_RECORDED DATA_:
++++++++

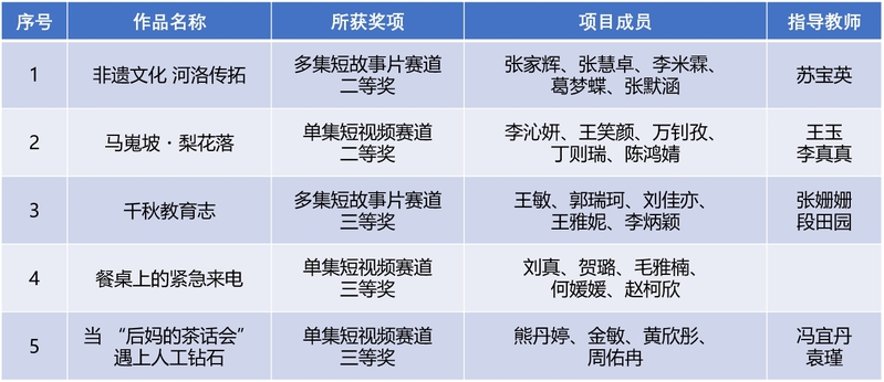 路演环节,我院学子凭借扎实的数字技能、清晰的逻辑思维和出色的现场表达能力,充分展现了外语学子跨学科融合创新的潜能与风采。最终,我院 “马嵬坡·梨花落”团队荣获单集短视频赛道全国二等奖,“非遗文化·河洛传拓”团队荣获多集短故事片赛道全国二等奖;其余三支队伍“千秋教育志”、“餐桌上的紧急来电”、“当‘后妈的茶话会’遇上人工钻石”均获得全国三等奖。
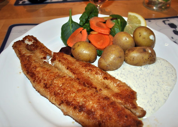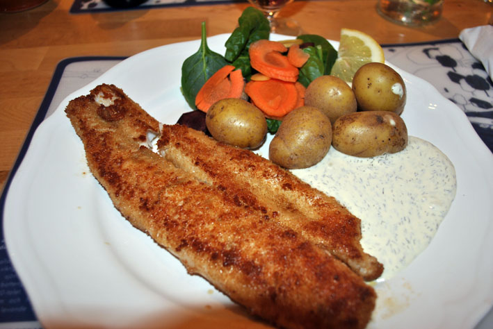 Vi fick avnjuta en lunch som var en smakrik upplevelse; Smörstekt Gös med tillbehör.
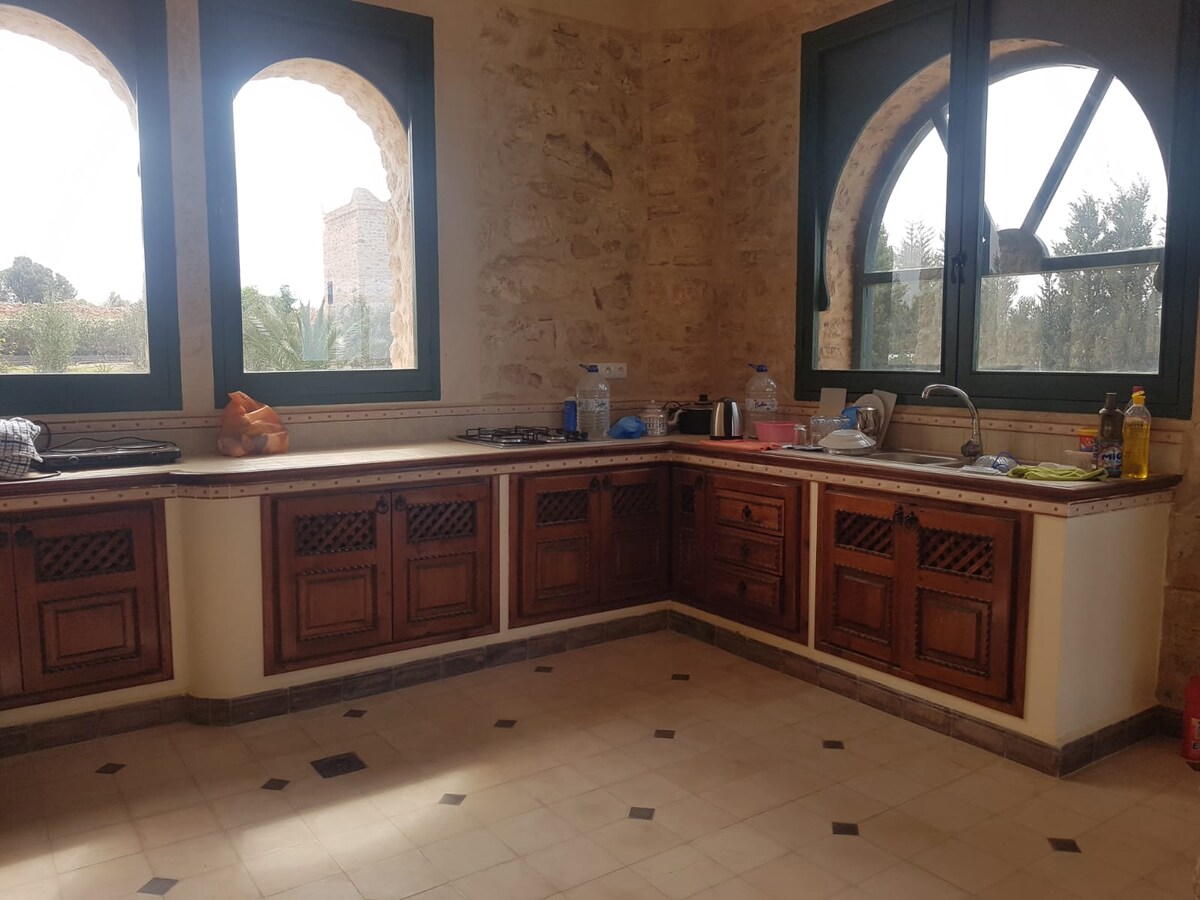 Disfrute en familia o con amigos de este fabuloso alojamiento que ofrece buenos momentos en perspectiva. Esta magnífica villa se encuentra en los alrededores de la ciudad de Esauira en pleno bosque de argán . Dispone de 4 dormitorios, 5 baños, una gran piscina de 10 m/5 para refrescarse con un gran jardín lleno de olivos , wifi de fibra óptica, cocina bien equipada, chimenea, terraza, mesa de comedor interior y otras dos exteriores.........

++++++++

Everything in the listing must be copied exactly except the pictures.

_RESPONSE TO THIS EXERCISE_:
 路演环节,我院学子凭借扎实的数字技能、清晰的逻辑思维和出色的现场表达能力,充分展现了外语学子跨学科融合创新的潜能与风采。最终,我院 “马嵬坡·梨花落”团队荣获单集短视频赛道全国二等奖,“非遗文化·河洛传拓”团队荣获多集短故事片赛道全国二等奖;其余三支队伍“千秋教育志”、“餐桌上的紧急来电”、“当‘后妈的茶话会’遇上人工钻石”均获得全国三等奖。
 Vi fick avnjuta en lunch som var en smakrik upplevelse; Smörstekt Gös med tillbehör.
 Disfrute en familia o con amigos de este fabuloso alojamiento que ofrece buenos momentos en perspectiva. Esta magnífica villa se encuentra en los alrededores de la ciudad de Esauira en pleno bosque de argán . Dispone de 4 dormitorios, 5 baños, una gran piscina de 10 m/5 para refrescarse con un gran jardín lleno de olivos , wifi de fibra óptica, cocina bien equipada, chimenea, terraza, mesa de comedor interior y otras dos exteriores.........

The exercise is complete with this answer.